The IUPUI Jaguars men's basketball team is the men's basketball team that represents Indiana University–Purdue University Indianapolis in Indianapolis, Indiana, United States. The school's team currently competes in the Horizon League.

History
The first year of IUPUI basketball was 1971–72 and the school competed as an NCAA Division III Independent. From 1982 to 2014, the Jaguars played on campus at The Jungle, which seated 1,215. Beginning with the 2014–15 season, the Jaguars play their home games at the Indiana Farmers Coliseum on the State Fairgrounds. Prior to the Jaguars' move, the arena underwent a $63 million renovation to modernize it for the fair and for basketball. The renovated arena has capacity for 6,800.
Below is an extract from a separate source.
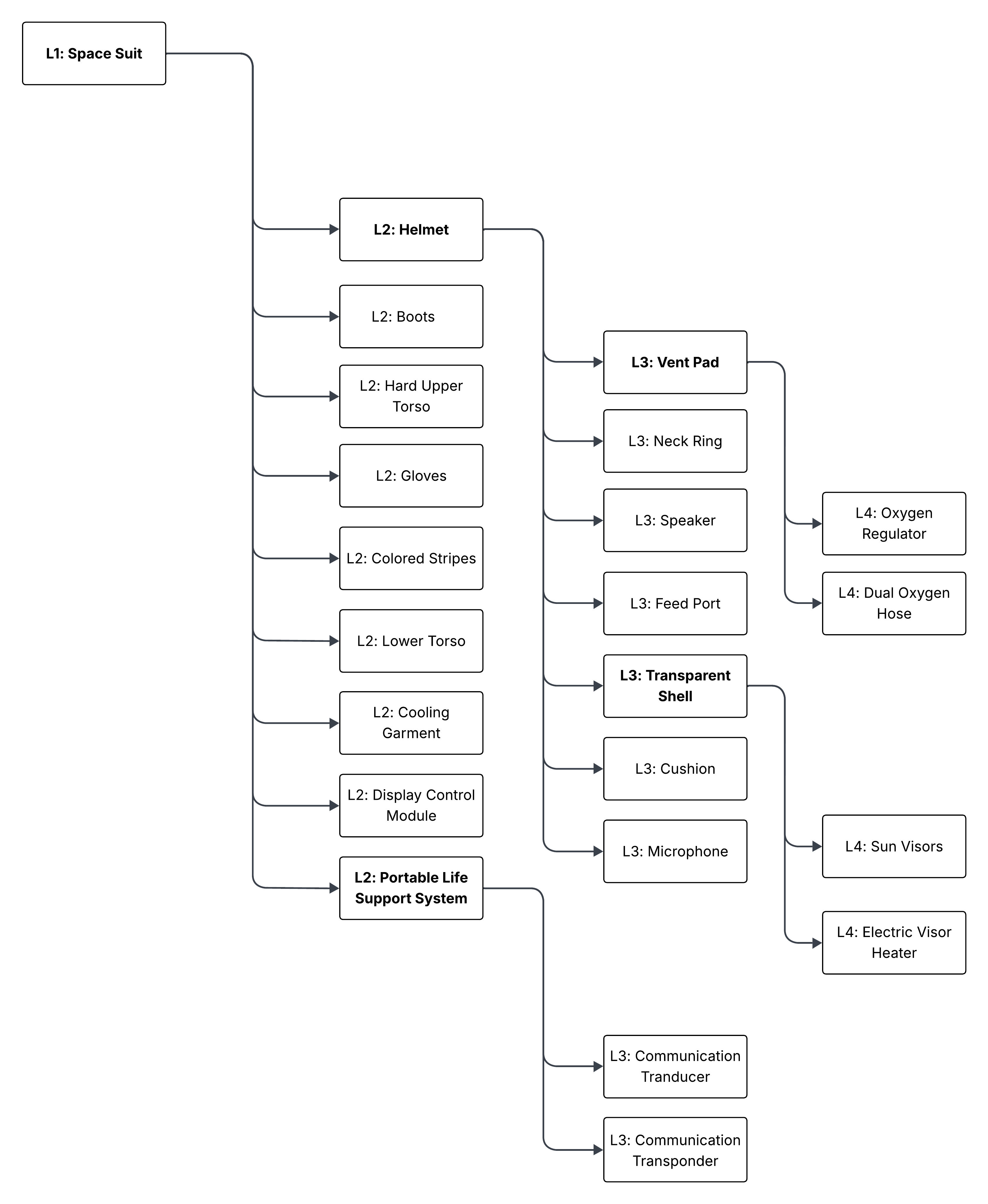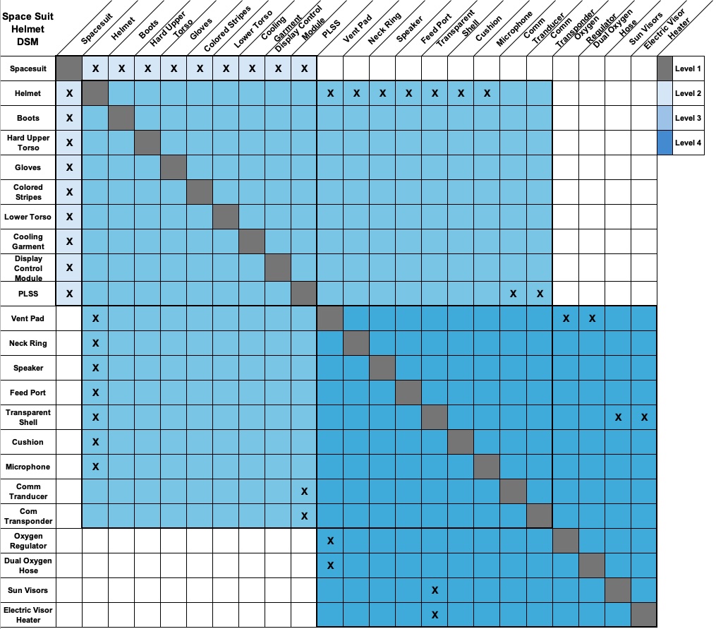 When viewing the spacesuit helmet through the lens of a DSM breakdown and allocation we can identify that the helmet is a level 2 product of the overall level 1 spacesuit. The spacesuit when decomposed can be broken down into the following main nine subcomponents below with additional subcomponent levels within those main components. Ultimately based on our DSM allocation matrix the spacesuit helmet is designed to support the overall goal and mission of the spacesuit working in tandem with other components such as the portable life support system (PLSS). Since we are focusing on the level 2 component spacesuit helmet we continue to decompose the helmet into its individual components which leads us to level 3 and 4 components such as the level 3 vent pad decomposing into the level 4 oxygen regulator and dual oxygen hose. DSM matrix allows complex systems such as the spacesuit and its helmet to be viewed in a less complex visual. It showcases relationships, interactions, and which elements are dependent on one another. Additionally, it is important to mention that this technology of the spacesuit helmet does not stand alone and it built upon the foundation of previous work done on the “Lunar EVA Space Suit" which is the level 1 system. Connections to level 2 and 3 components are also shown below to show the interdependencies of spacesuit helmet technology and its connection to existing roadmaps.

The Jaguars are currently led by head coach Matt Crenshaw. The Jaguars joined the Horizon League on July 1, 2017, replacing Valparaiso, which left the conference on the same day.

Conference affiliations

Postseason

NCAA tournament results
The Jaguars have appeared in one NCAA tournament. Their record is 0–1.

NAIA Tournament results
The Jaguars have appeared in the NAIA Tournament two times. Their record is 1–2.

CBI results
The Jaguars have appeared in one College Basketball Invitational (CBI). Their record is 1–1.

CIT Results
The Jaguars have appeared in the CollegeInsider.com Postseason Tournament (CIT) one time. Their record is 0–1.

Record year-by-year

 IUPUI joined NCAA Division I beginning in the 1998–99 season. Non-Division I seasons are not included.
 IUPUI vacated the records of eight conference games in 2003–04, nine games in 2004–05, and seven games in 2006–07 as a result of NCAA sanctions. The Summit League also sanctioned IUPUI one conference game in 2008–09. Vacated games are included in this table.

Notable players 
In 2008, guard George Hill skipped his final year of eligibility and entered the NBA draft where he was selected by the San Antonio Spurs, becoming the first player drafted from IUPUI.